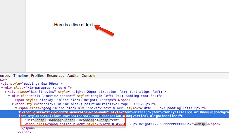 So what I did was I looked in the web inspector and found the DOM I cared about. I found out that all the actual content has these classes like kix-page and kix-lineview and kix-wordhtmlgenerator-word-node. (Google’s codename for their Docs edit surface and rendering engine is “Kix.”) I figured that I could do something like this in a Chrome extension:
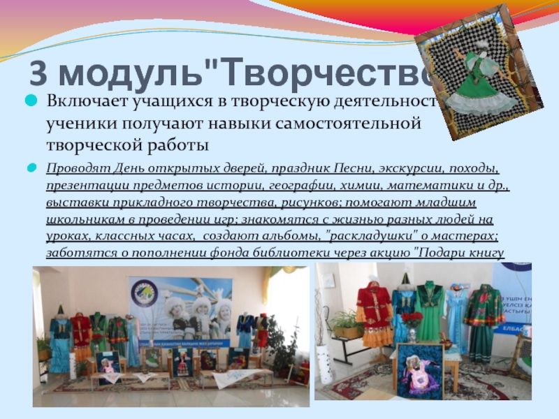 охватывает всю внеклассную составляющую работы школы, представляет организацию опыта самостоятельной и творческой деятельности учащихся.
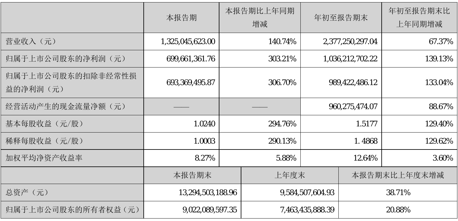 10月21日,康泰生物(300601)近日发布2021年前三季度报告,报告期内营业收入2,377,250,297.04元,同比增加67.37%;净利1,036,212,702.22元,同比净利增加139.13%。
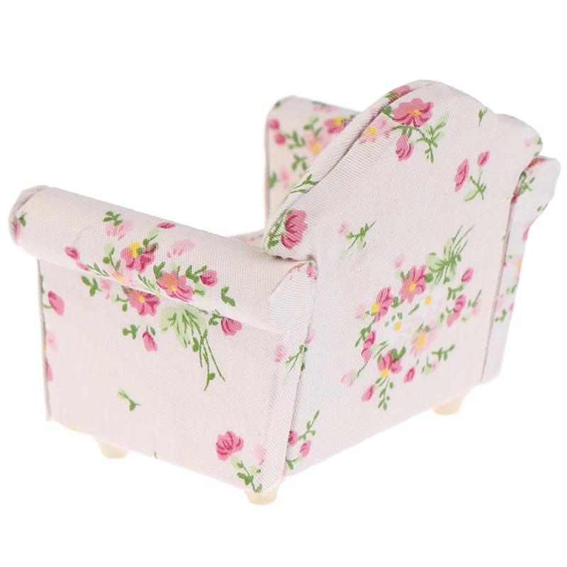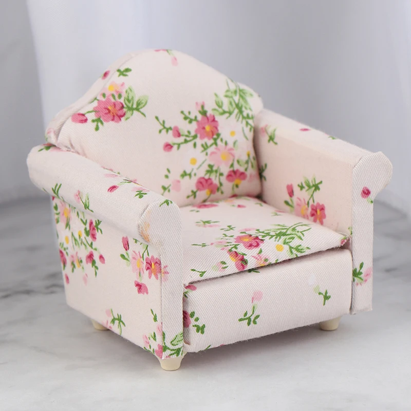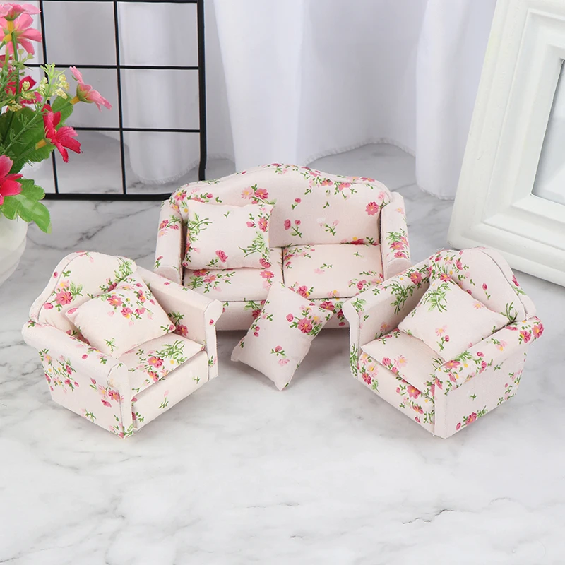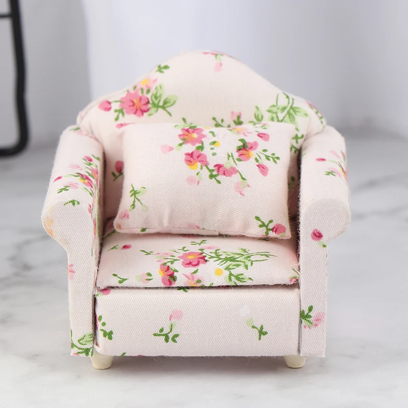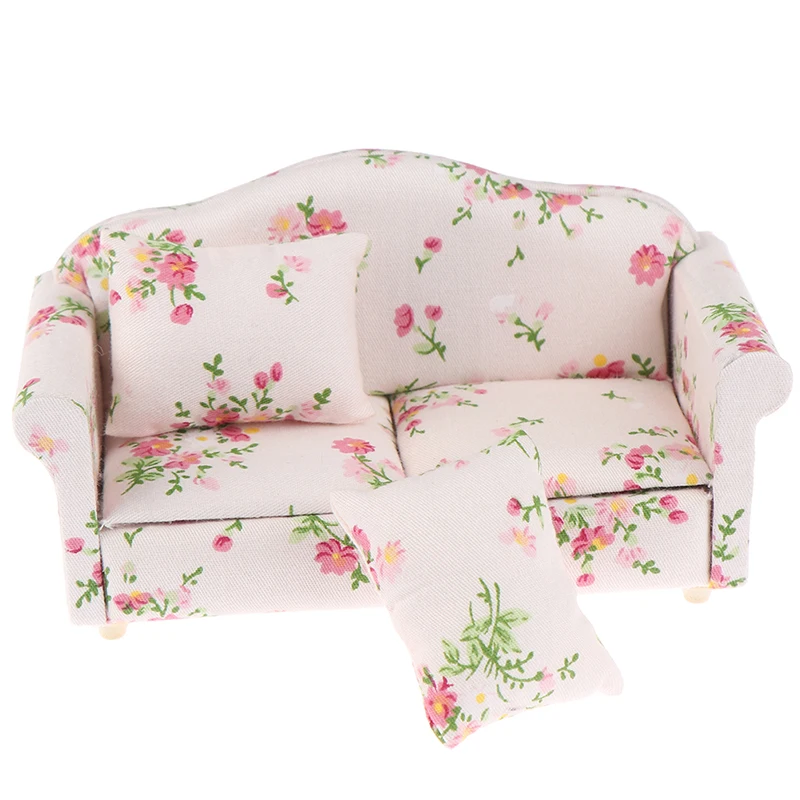 1/12 Scale sofas and cushions, perfect for interior model; Imitation sofas shape decorated with flower pattern
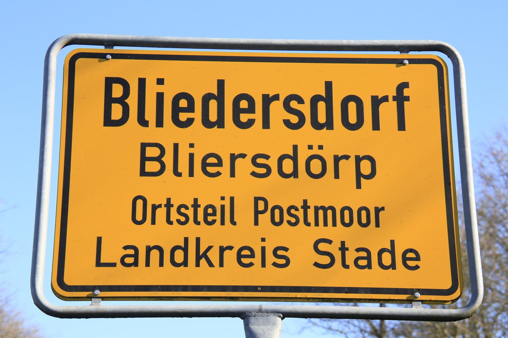 Ortsschild der Gemeinde Bliedersdorf in der Samtgemeinde Horneburg im Landkreis Stade. Ein SPDler entwarf den Slogen: "Bliedersdorf......ein Leben lang!" Das spricht für sich!
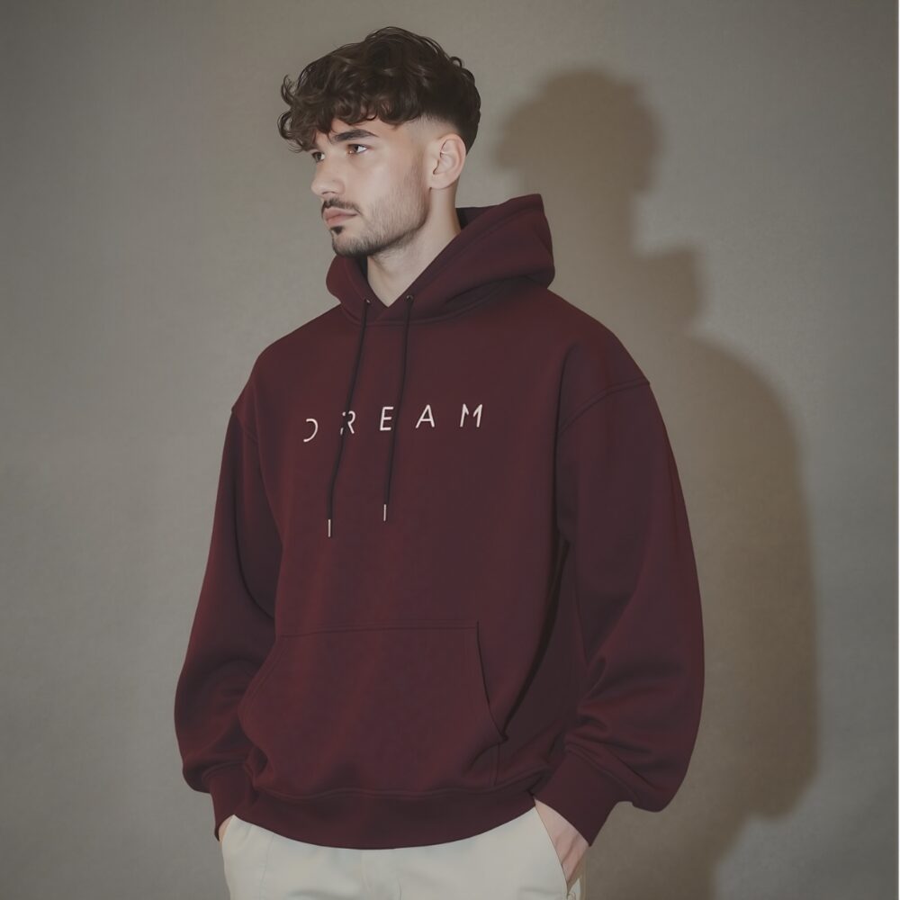 The Reverie Oversized Hoodie – In A State of Dream embodies understated luxury and effortless elegance. The minimalist “DREAM” detailing reflects a refined sense of calm and ambition.
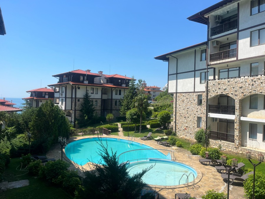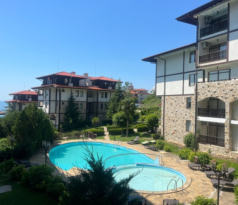 1 BED pool view apartment, 78 sq.m., in Etara 2, Sveti Vlas, 250 m to the sea KC Properties is pleased to offer you this lovely holiday property located on the second floor of Etara 2 complex, some 250 m fromthe sea and 450 m from Marina Dinevi yacht port in Sveti Vlas resort. The apartment has a living size of 78 m2 distributed between a living room with a completely equipped kitchenette, 1 bedroom, a bathroom with WC, and a big covered terrace with views to the pool. The apartment is stylishly furnished and well equipped, with cable TV and Internet. The maintenance fee is 650 Euro per year/ per apartment. The complex has parking lot for 45 cars, which number can be increased if necessary with the located in proximity public parking lot for 36 cars. The whole complex is surrounded by natural greenery planted with some exotic tree species, with attractive rockeries, combined with colorful compositions. The water areas create cozy and unique atmosphere. Here you will find a comfortable restaurant for 60 people, of which half are indoor and an outdoor swimming pool for your relaxing holidays. The combination of sea and mountain climate, the lack of industrial enterprises, the proximity to the beautiful town of Nessebar, the availability of convenient communications and nice conditions for rural, hunting, fishing, wine, forest and eco tourism, turn this property into a very attractive investment.
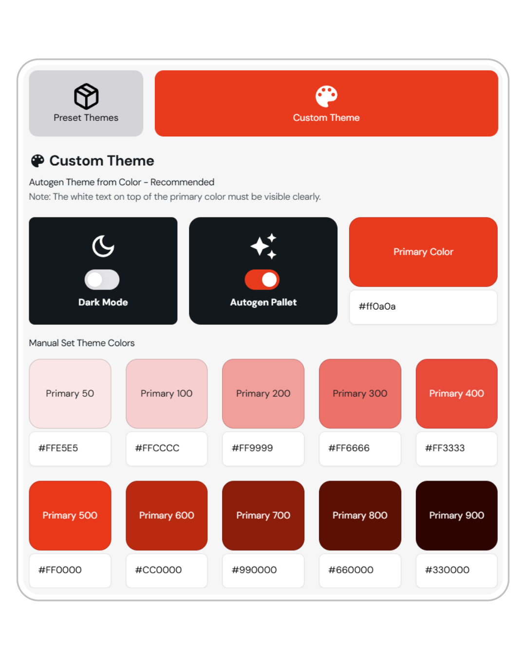 Recommended: Automatically generate a theme based on your primary color.
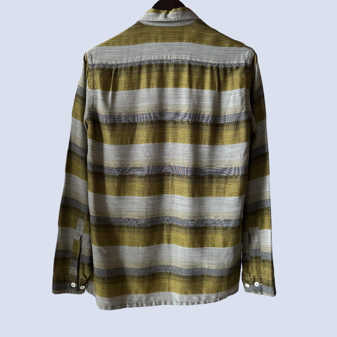 オリーブ・グレーを基調とした横段ストライプ柄が特徴で、50年代らしい落ち着きと品のある雰囲気を持っています
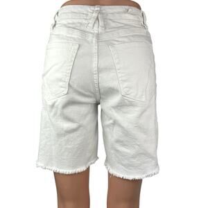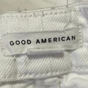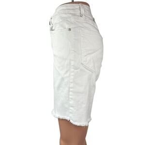 Good American Icon White Denim Mid Rise Crop Raw Hem Bermuda Jeans Shorts Sz 25
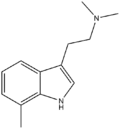 - ↑ Glennon RA, Schubert E, Jacyno JM, Rosecrans JA (November 1980). "Studies on several 7-substituted N,N-dimethyltryptamines". Journal of Medicinal Chemistry. 23 (11): 1222–6. doi:10.1021/jm00185a014. PMID 6779006.
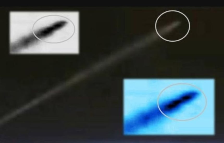大気圏外で飛行機雲とか軌跡ができるわけないからデブリや隕石ではないと思う。
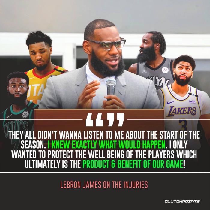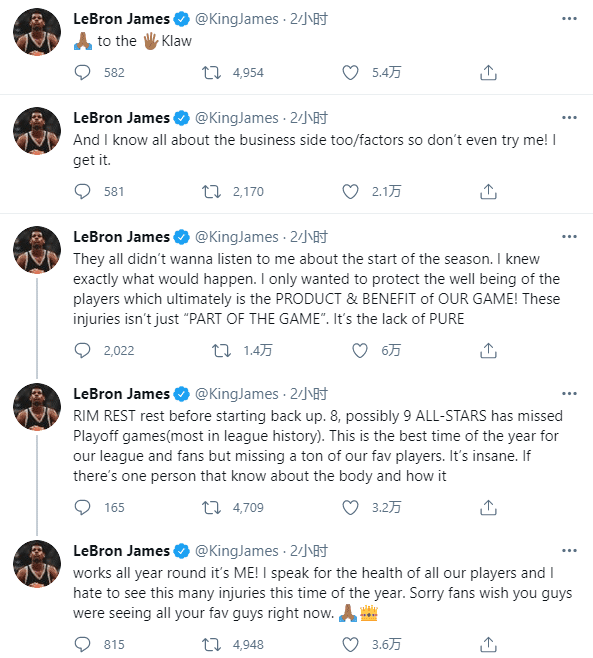 詹姆斯发推写道:关于赛季的开始时间,他们都不想听我的话,我早就知道会发生什么,我只想保护球员的健康,而这些伤病不是比赛中的一部分,这是由于赛季重启太早球员缺乏休息导致的。

* _PROBLEM REQUIREMENTS_:
Above are the records; return the lines in them from the one with "10月21日,康泰生物(30" to the one with "Ortsschild der Gemeinde", inclusive, exactly and without images.

* _SOLUTION TO THIS PROBLEM_:
 10月21日,康泰生物(300601)近日发布2021年前三季度报告,报告期内营业收入2,377,250,297.04元,同比增加67.37%;净利1,036,212,702.22元,同比净利增加139.13%。
 1/12 Scale sofas and cushions, perfect for interior model; Imitation sofas shape decorated with flower pattern
 Ortsschild der Gemeinde Bliedersdorf in der Samtgemeinde Horneburg im Landkreis Stade. Ein SPDler entwarf den Slogen: "Bliedersdorf......ein Leben lang!" Das spricht für sich!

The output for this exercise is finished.